Créer un système de modération et de filtrage automatisé et sur-mesure coûte cher, prend du temps, mobilise des ressources. Twitter, Facebook ou Instagram, pour ne citer qu'eux, disposent de leurs propres algorithmes, capables notamment de traquer la nudité ou la violence extrême.
De plus petites plateformes et entreprises ont parfois des besoins spécifiques nécessitant des solutions personnalisées, sans pour autant pouvoir investir des millions de dollars dans de lourds développements en intelligence artificielle. Elles peuvent alors faire appel aux géants chinois de la tech, comme Tencent ou Alibaba, qui exportent à vil prix leurs efficaces outils de surveillance et de filtrage.
La Chine, on le sait, est à la pointe de la censure et du contrôle de masse, la gestion des discussions autour du coronavirus en étant l'exemple récent le plus parfait.
Comme l'explique le Wall Street Journal, la clientèle chinoise de Tencent et d'Alibaba est constituée d'entreprises désireuses de ne pas s'attirer l'ire du pouvoir central en laissant publier, sur leurs plateformes, tout contenu politique considéré comme sensible.
Solutions clé en main
«La norme globale a tendance à glisser de l'expression vers la censure, assure au journal américain Matt Perault, désormais directeur du Center on Science & Technology Policy de la Duke University, mais dont le passé chez Facebook teint sans doute la philosophie et les craintes. Beaucoup de pays qui cherchent à importer les outils et la politique de gouvernance de leur internet vont choisir les solutions clé en main proposées par la Chine.»
La division cloud d'Alibaba propose ainsi une solution algorithmique de base, facturée 240 dollars [211 euros]. Elle permet de surveiller 90.000 publications (textes, photos, vidéos) par mois et d'en retirer tout contenu pornographique, lié à l'usage de drogues ou à des «personnalités politiques sensibles».
Pour 60.000 dollars [53.000 euros], on passe à la vitesse supérieure, avec jusqu'à quinze millions de contenus passés au crible par mois sur cinq ans; à la clientèle de déterminer ce qui est acceptable ou non, précise un porte-parole du conglomérat.

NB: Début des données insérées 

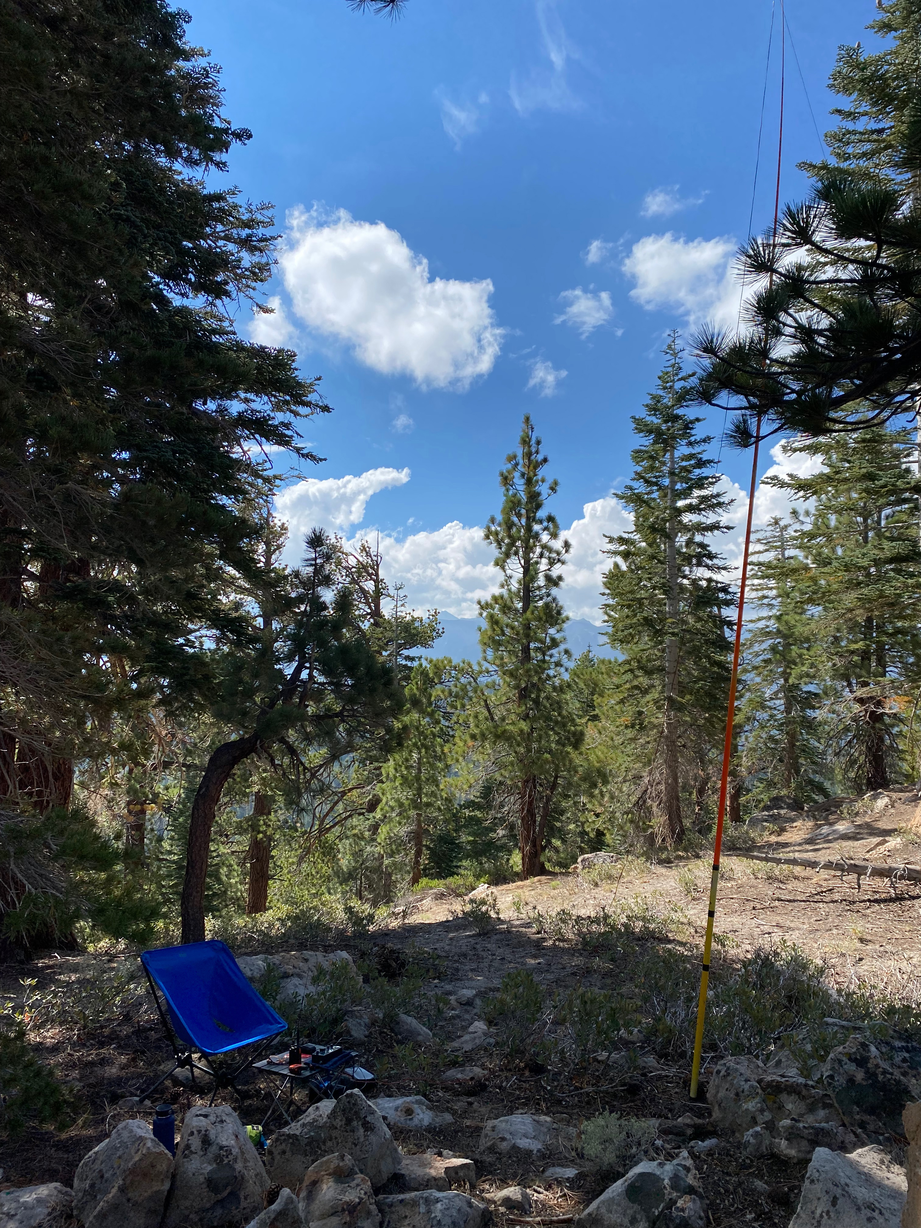 Radio conditions were okay with a surprise call from Lorene W6LOR and Mike K6STR just down the hill in Mammoth Lakes! They were on their way out and I was sorry to miss them. It would have been a perfect summit day to fly Chester, but I didn’t bring him along after the stormy weather had kept him grounded on the previous two summits the day before.

Même schéma côté Tencent, qui possède l'omniprésent WeChat, avec une offre à 9.000 dollars [8.000 euros] pour trente-six millions de contenus filtrés.
Géant de la recherche en Chine, Baidu facture de son côté 17 cents pour la censure de 1.000 contenus politiquement sensibles –plus cher que pour la violence, la pornographie ou le terrorisme. People.cn, bras armé en ligne du quotidien du Parti Communiste chinois, vend lui aussi ses propres algorithmes à qui souhaite dépolitiser son site.
Autant de services qui trouvent déjà preneurs à l'export. Basée à Singapour mais appartenant au conglomérat chinois YY Inc., l'entreprise Bigo Technology a vendu un système de censure automatisée au gouvernement indonésien et est en pourparlers avec les autorités égyptiennes et indiennes. Un rappel utile que la liberté d'expression n'est ni universelle, ni invulnérable.